======== Excerpted records
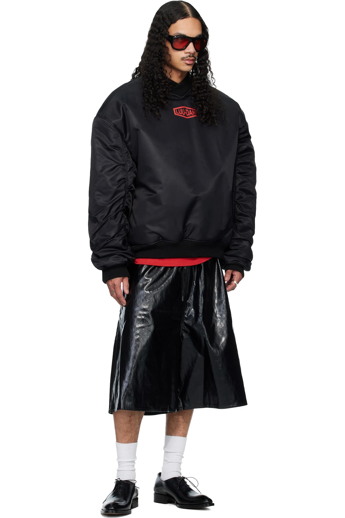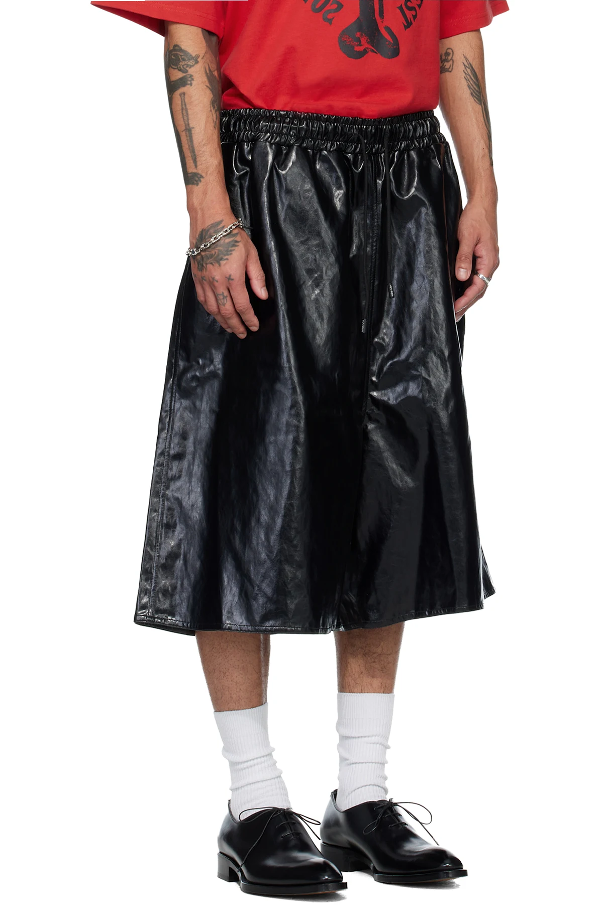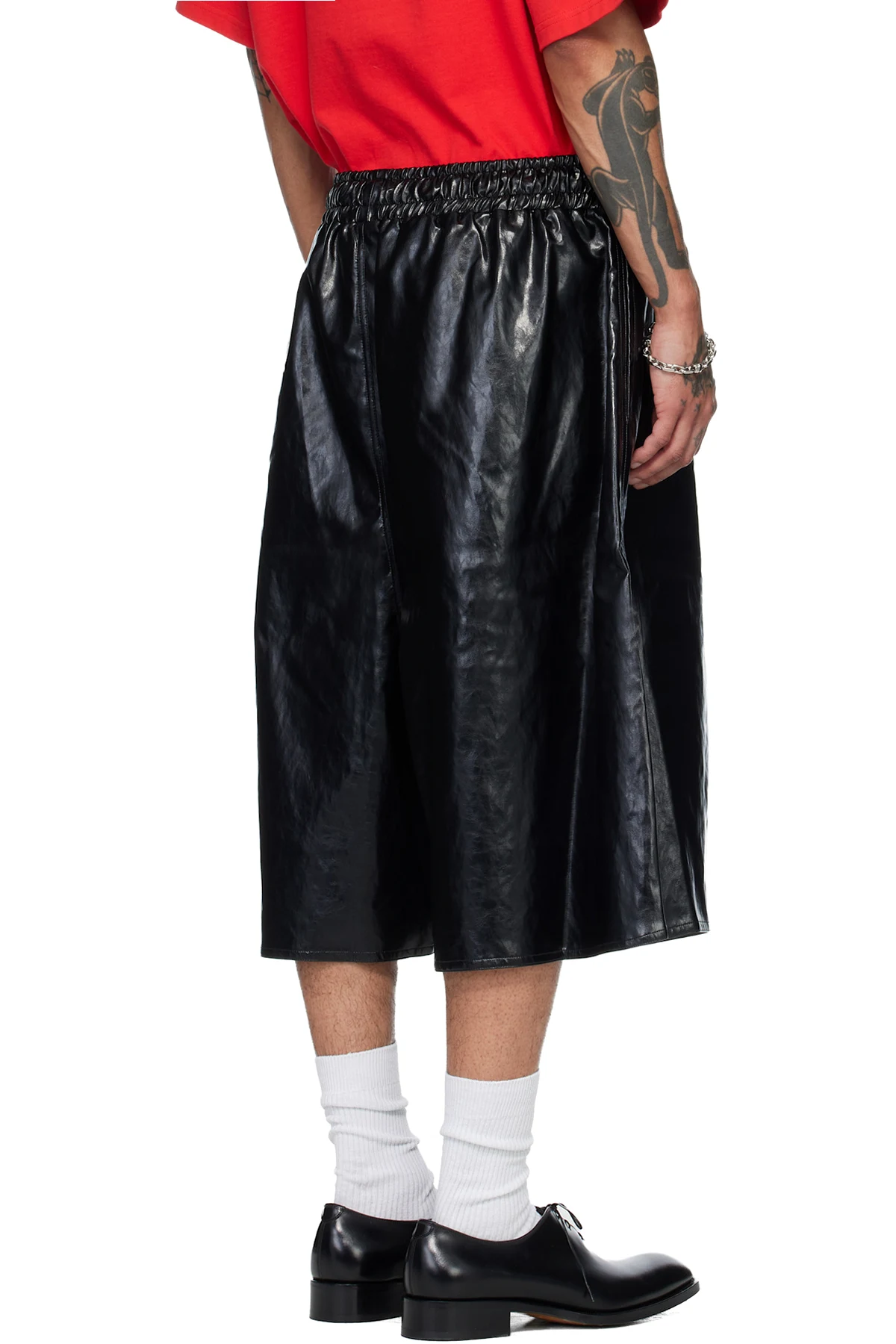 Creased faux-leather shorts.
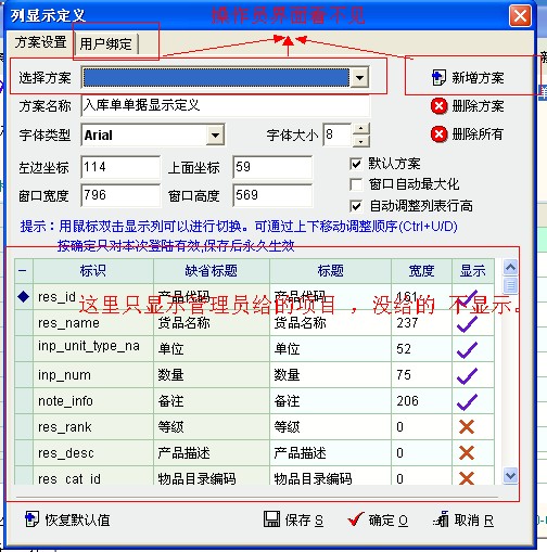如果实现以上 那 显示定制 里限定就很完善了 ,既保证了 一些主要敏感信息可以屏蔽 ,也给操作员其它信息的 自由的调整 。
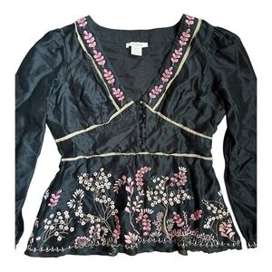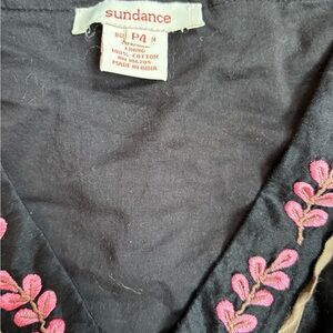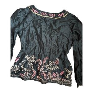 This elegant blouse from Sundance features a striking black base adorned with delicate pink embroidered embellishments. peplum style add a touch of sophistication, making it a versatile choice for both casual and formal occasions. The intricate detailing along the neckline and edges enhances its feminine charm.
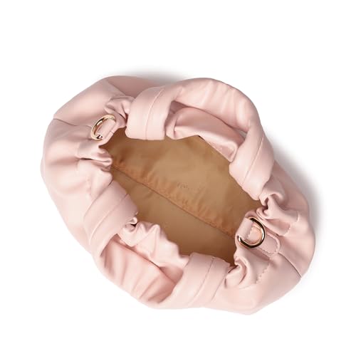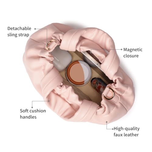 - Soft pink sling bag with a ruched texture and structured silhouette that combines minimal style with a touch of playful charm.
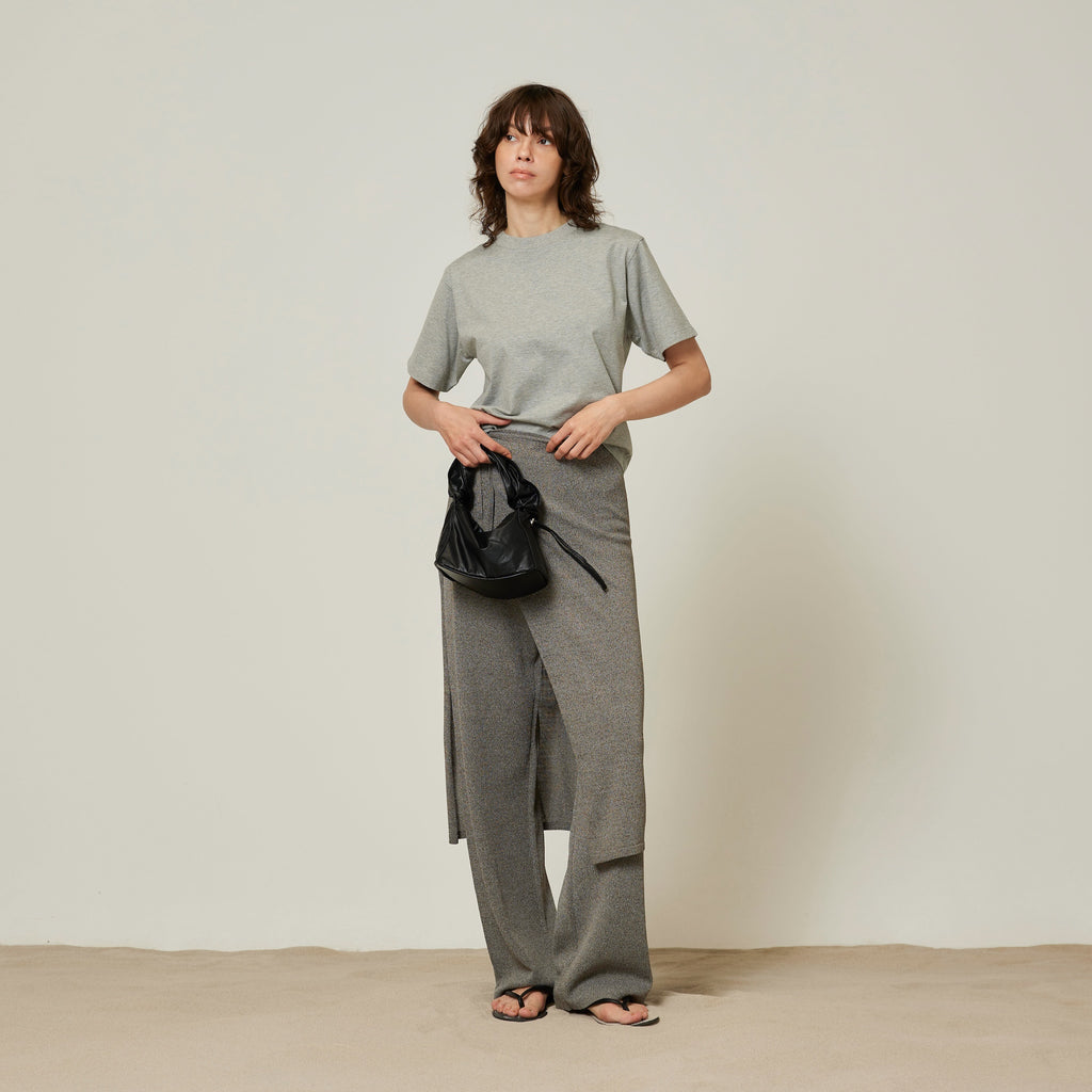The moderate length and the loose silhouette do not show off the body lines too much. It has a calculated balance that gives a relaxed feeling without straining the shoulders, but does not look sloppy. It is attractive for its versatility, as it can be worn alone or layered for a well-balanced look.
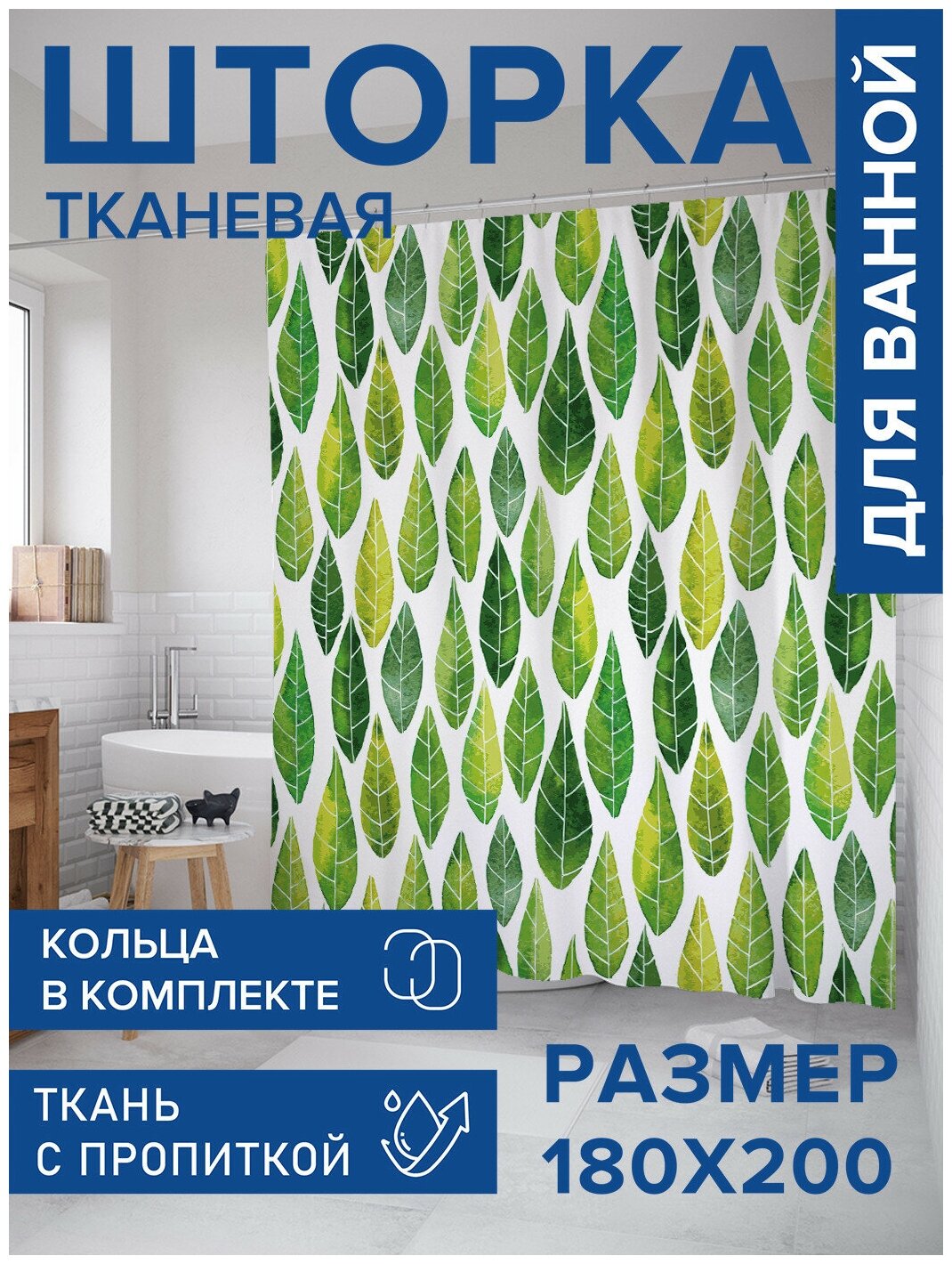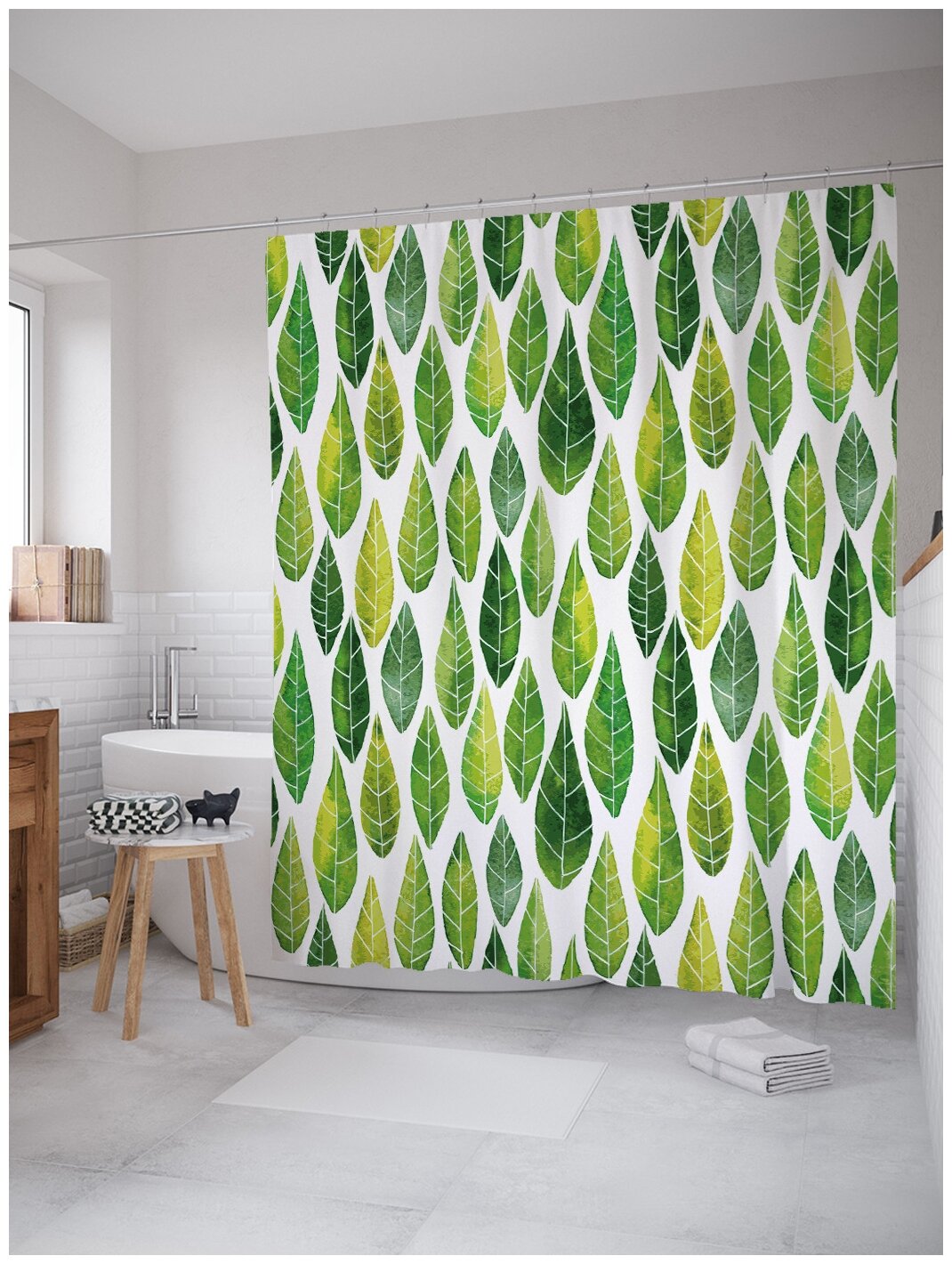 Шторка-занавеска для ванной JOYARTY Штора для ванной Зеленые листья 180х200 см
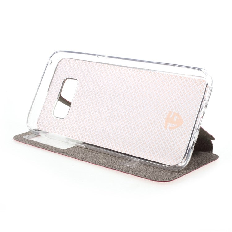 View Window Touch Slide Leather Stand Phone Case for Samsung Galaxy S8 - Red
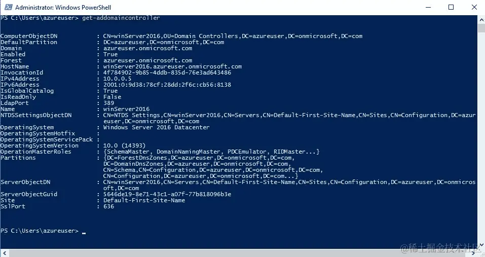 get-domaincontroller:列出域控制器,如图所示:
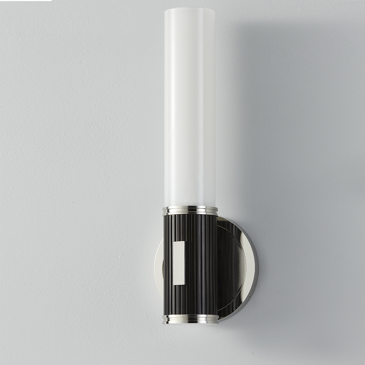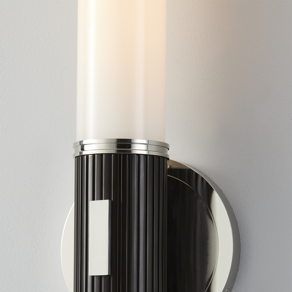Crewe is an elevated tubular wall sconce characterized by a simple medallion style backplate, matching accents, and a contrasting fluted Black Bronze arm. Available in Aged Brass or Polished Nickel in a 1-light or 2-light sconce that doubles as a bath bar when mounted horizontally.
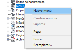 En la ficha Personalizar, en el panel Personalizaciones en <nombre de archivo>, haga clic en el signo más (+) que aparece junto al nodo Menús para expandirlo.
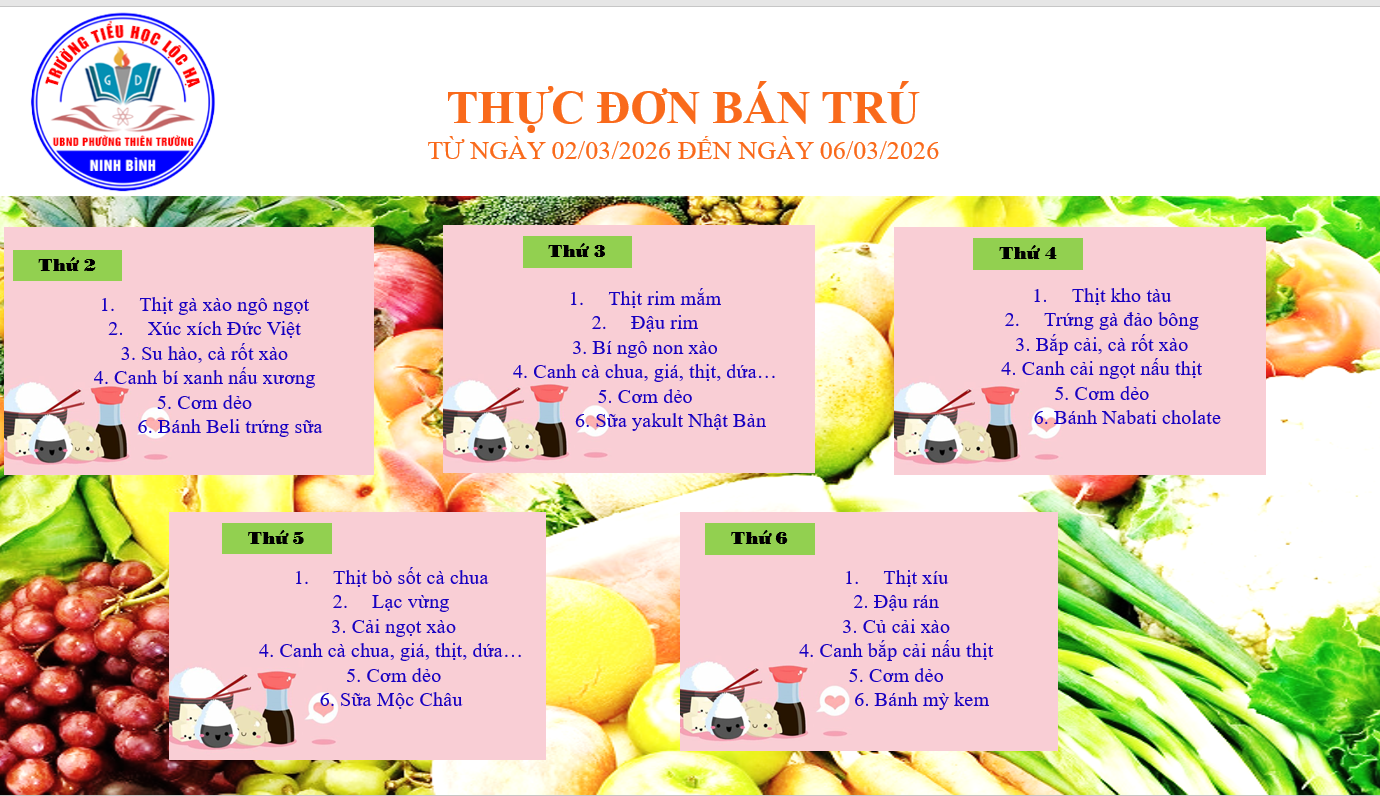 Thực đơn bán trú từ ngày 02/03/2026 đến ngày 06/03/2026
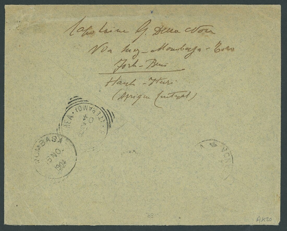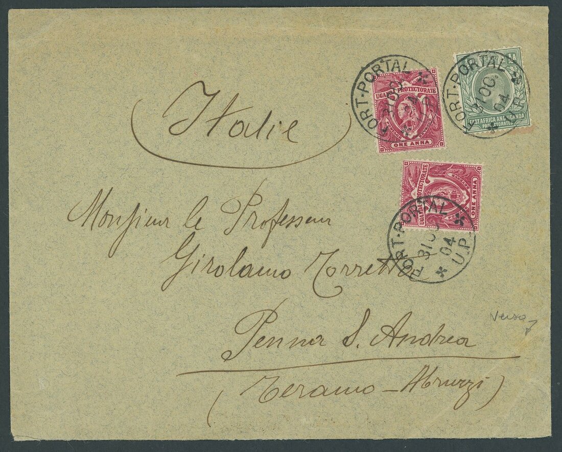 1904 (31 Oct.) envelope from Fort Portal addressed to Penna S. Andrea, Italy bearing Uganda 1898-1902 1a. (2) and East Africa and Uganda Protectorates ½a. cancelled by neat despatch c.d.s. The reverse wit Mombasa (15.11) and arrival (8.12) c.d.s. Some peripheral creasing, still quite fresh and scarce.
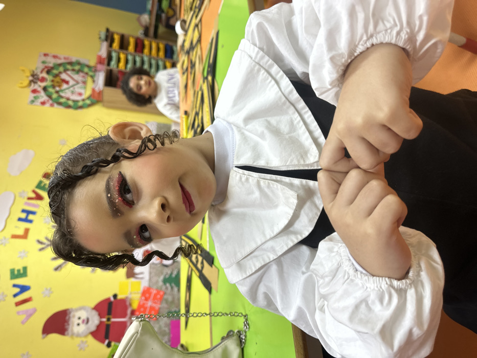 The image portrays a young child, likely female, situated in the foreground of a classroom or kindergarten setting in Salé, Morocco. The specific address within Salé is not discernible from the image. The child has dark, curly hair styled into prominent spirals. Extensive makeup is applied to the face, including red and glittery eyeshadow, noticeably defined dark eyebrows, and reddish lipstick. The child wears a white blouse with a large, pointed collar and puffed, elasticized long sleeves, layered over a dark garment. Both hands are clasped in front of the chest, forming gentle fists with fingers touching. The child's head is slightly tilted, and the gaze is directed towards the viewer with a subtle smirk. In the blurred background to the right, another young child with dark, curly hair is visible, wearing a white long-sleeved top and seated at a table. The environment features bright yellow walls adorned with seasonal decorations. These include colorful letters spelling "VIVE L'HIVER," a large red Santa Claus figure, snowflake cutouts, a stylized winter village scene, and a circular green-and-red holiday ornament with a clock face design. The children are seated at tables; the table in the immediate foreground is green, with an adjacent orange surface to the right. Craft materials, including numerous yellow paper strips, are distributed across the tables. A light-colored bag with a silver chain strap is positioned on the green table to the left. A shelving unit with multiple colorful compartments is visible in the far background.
================
→ **Exercise**: Return every entry above word for word, leaving pictures out.

→ **Exercise output**:
 Creased faux-leather shorts.
如果实现以上 那 显示定制 里限定就很完善了 ,既保证了 一些主要敏感信息可以屏蔽 ,也给操作员其它信息的 自由的调整 。
 This elegant blouse from Sundance features a striking black base adorned with delicate pink embroidered embellishments. peplum style add a touch of sophistication, making it a versatile choice for both casual and formal occasions. The intricate detailing along the neckline and edges enhances its feminine charm.
 - Soft pink sling bag with a ruched texture and structured silhouette that combines minimal style with a touch of playful charm.
The moderate length and the loose silhouette do not show off the body lines too much. It has a calculated balance that gives a relaxed feeling without straining the shoulders, but does not look sloppy. It is attractive for its versatility, as it can be worn alone or layered for a well-balanced look.
 Шторка-занавеска для ванной JOYARTY Штора для ванной Зеленые листья 180х200 см
 View Window Touch Slide Leather Stand Phone Case for Samsung Galaxy S8 - Red
 get-domaincontroller:列出域控制器,如图所示:
Crewe is an elevated tubular wall sconce characterized by a simple medallion style backplate, matching accents, and a contrasting fluted Black Bronze arm. Available in Aged Brass or Polished Nickel in a 1-light or 2-light sconce that doubles as a bath bar when mounted horizontally.
 En la ficha Personalizar, en el panel Personalizaciones en <nombre de archivo>, haga clic en el signo más (+) que aparece junto al nodo Menús para expandirlo.
 Thực đơn bán trú từ ngày 02/03/2026 đến ngày 06/03/2026
 1904 (31 Oct.) envelope from Fort Portal addressed to Penna S. Andrea, Italy bearing Uganda 1898-1902 1a. (2) and East Africa and Uganda Protectorates ½a. cancelled by neat despatch c.d.s. The reverse wit Mombasa (15.11) and arrival (8.12) c.d.s. Some peripheral creasing, still quite fresh and scarce.
 The image portrays a young child, likely female, situated in the foreground of a classroom or kindergarten setting in Salé, Morocco. The specific address within Salé is not discernible from the image. The child has dark, curly hair styled into prominent spirals. Extensive makeup is applied to the face, including red and glittery eyeshadow, noticeably defined dark eyebrows, and reddish lipstick. The child wears a white blouse with a large, pointed collar and puffed, elasticized long sleeves, layered over a dark garment. Both hands are clasped in front of the chest, forming gentle fists with fingers touching. The child's head is slightly tilted, and the gaze is directed towards the viewer with a subtle smirk. In the blurred background to the right, another young child with dark, curly hair is visible, wearing a white long-sleeved top and seated at a table. The environment features bright yellow walls adorned with seasonal decorations. These include colorful letters spelling "VIVE L'HIVER," a large red Santa Claus figure, snowflake cutouts, a stylized winter village scene, and a circular green-and-red holiday ornament with a clock face design. The children are seated at tables; the table in the immediate foreground is green, with an adjacent orange surface to the right. Craft materials, including numerous yellow paper strips, are distributed across the tables. A light-colored bag with a silver chain strap is positioned on the green table to the left. A shelving unit with multiple colorful compartments is visible in the far background.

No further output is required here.